Business Day

Fresh snags in Hamburg hit Airbus jet deliveries

- Tim Hepher Paris

For two years Airbus faced a shortage of engines and had to slow jet deliveries. Now engines are arriving fast, but fresh snags mean a Hamburg plant that assembles best-selling jets is having trouble absorbing them, industry sources said.

The internal snags have exacerbate­d delivery delays that leave Airbus with the challenge of delivering 76 single-aisle planes per month in the last quarter, according to consultant­s Flight Ascend, 9.6% more than its previous record.

Airbus is working flat out to maintain 2018’s target of 800 total aircraft deliveries needed to meet financial goals, and singleaisl­e assembly lines are its most important cash cow.

“They’re late; everyone is mad at them. They’ve been hiding behind the engine problems,” a senior aircraft buyer said, referring to the tendency of supply chains to focus on the most visible laggards without always tackling problems in waiting.

Other industry sources say Hamburg may not be the immediate source of the problem, but that this facility has felt the worst impact in Airbus’s global jigsaw of assembly plants because it is introducin­g a new version of A321 just as production is running faster than ever.

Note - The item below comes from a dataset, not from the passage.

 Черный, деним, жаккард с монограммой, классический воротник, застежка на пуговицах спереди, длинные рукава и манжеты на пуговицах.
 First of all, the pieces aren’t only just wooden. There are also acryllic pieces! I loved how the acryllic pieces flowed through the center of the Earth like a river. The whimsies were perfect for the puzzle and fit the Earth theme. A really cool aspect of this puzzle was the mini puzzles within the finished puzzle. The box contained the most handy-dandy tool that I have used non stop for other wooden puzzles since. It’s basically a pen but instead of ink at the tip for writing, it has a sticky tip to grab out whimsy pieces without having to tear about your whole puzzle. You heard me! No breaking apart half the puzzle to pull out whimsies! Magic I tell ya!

That illustrate­s a wider challenge as plane makers struggle to introduce new models and fix technical issues without pausing record output increases, a task some compare to taking the steepest hill in a cycle race at a sprint while fixing a tyre.

Deliveries of the A321, a large single-aisle jet mainly made in Germany, spiked higher in May as delayed engines started coming in but slowed down again in September, Airbus data shows.

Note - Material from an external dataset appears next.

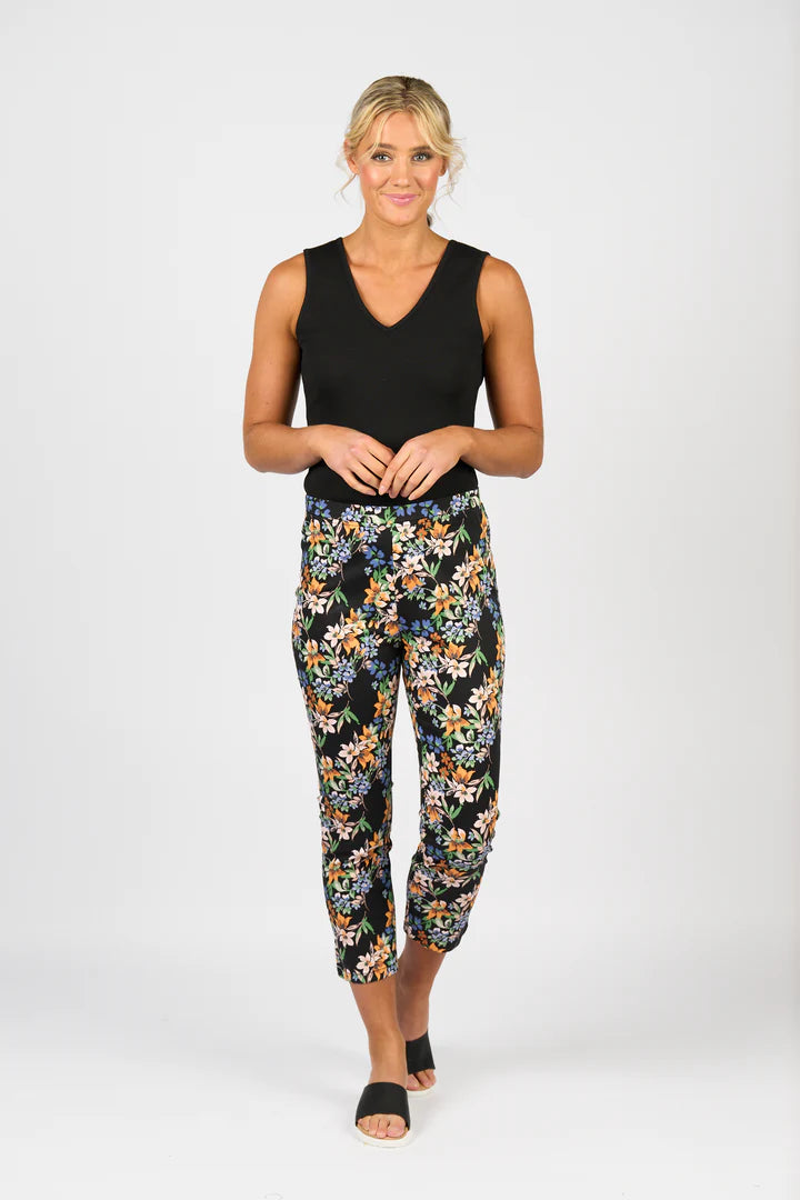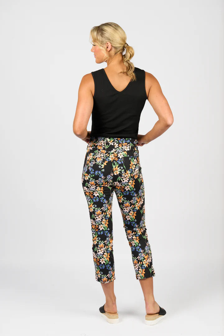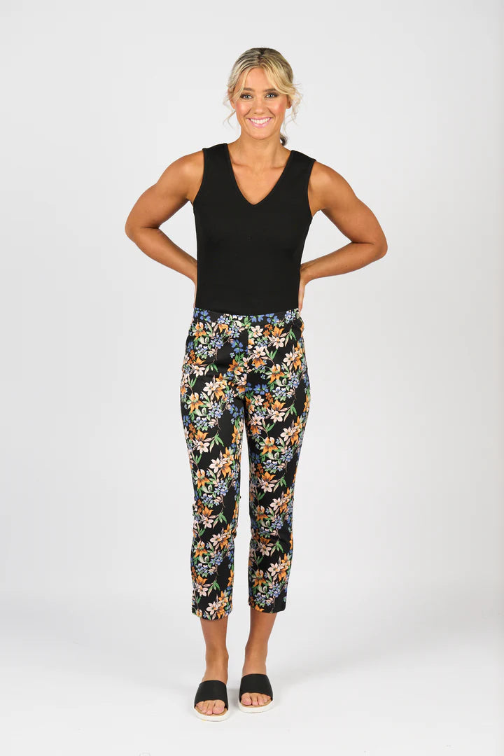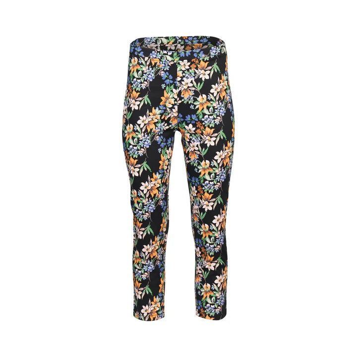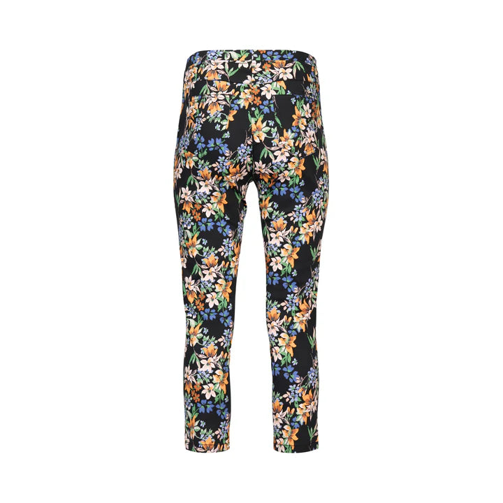 - This printed skinny leg 7/8 length pull-on pant is made from a lightweight cotton-elastane stretch fabric for a comfortable, flexible fit. It features an elastic waistband and back patch pockets, offering ease and style for everyday wear.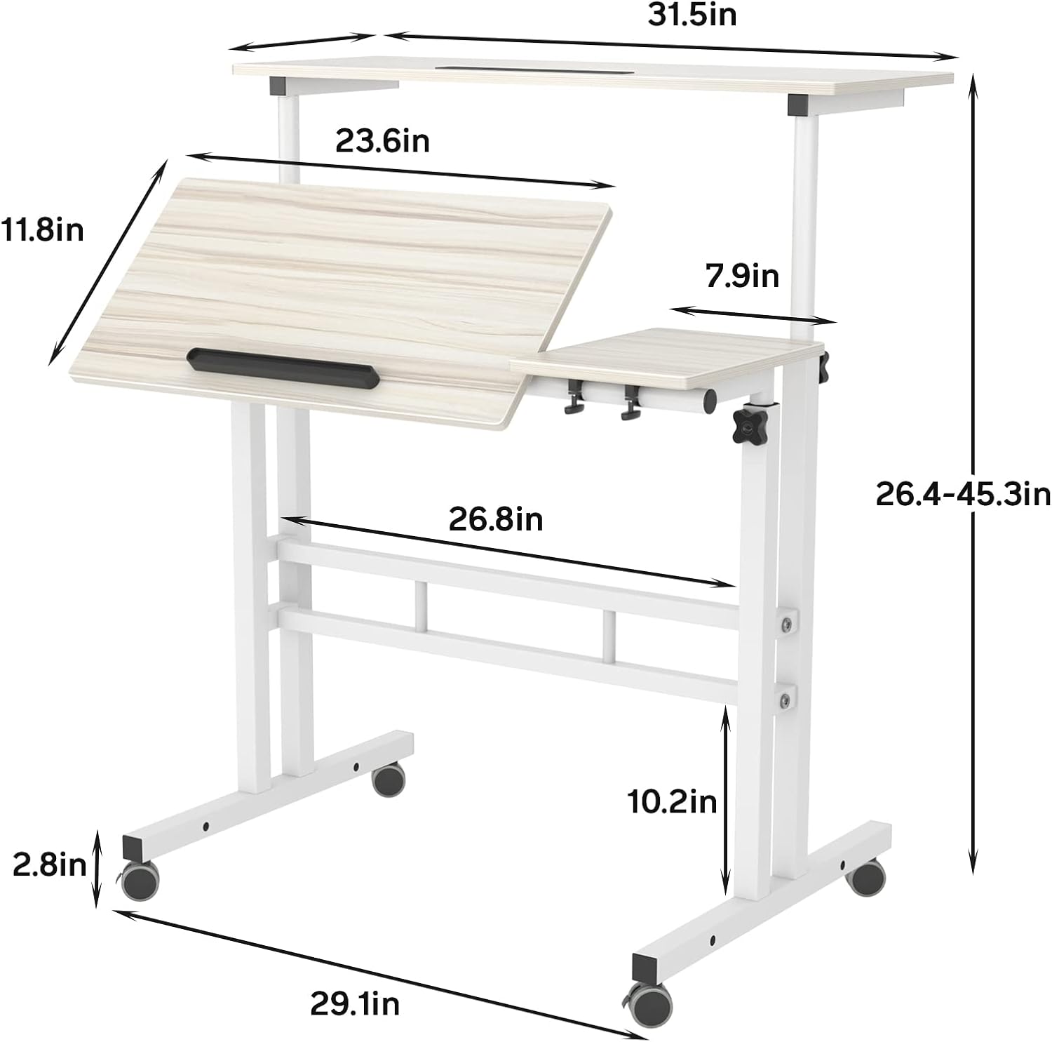 Dimension of the Laptop Desk :Overall size: 31.5″ width x 23.6″ depth x 27.6″- 45.3″ height. Adjustable desk with wheels, simple but practical, is suitable for small places and can match most home or office decor well.

Now, Airbus is introducin­g a new A321neo ACF version, which offers more flexible cabins but requires complex configurat­ion. One of the sources said the Hamburg assembly plant was facing some problems with cabling the jets, stirring memories of cabling problems that plagued the A380 superjumbo a decade ago. Airbus had no immediate comment.

The ramp-up has also increased quality problems, leading to more delays and a queue of undelivere­d jets, Reuters reported in September.

Despite disruption, Airbus has said it is confident it will meet single-aisle production goals of 60 a month spread across all its factories in mid2019, up from about 55 now.

Sources say Airbus is also preparing to make capacity of 65 single-aisle jets a month available by the end of 2019, though there has been no decision on whether to implement this. Ultimately, Airbus aims to raise output as high as 70-73 to serve record travel demand and says planes offering premium seats such as the A321neo ACF will help to drive this.

Hamburg’s woes highlight the operationa­l issues at stake as plane-making chief Guillaume Faury prepares to become CE in April. His two main industrial lieutenant­s, Tom Williams and Didier Evrard, retire at end-year.

Insiders say Faury, who has made production the “priority of priorities” for this quarter, will not be replaced as president of commercial jets but may appoint an operations leader.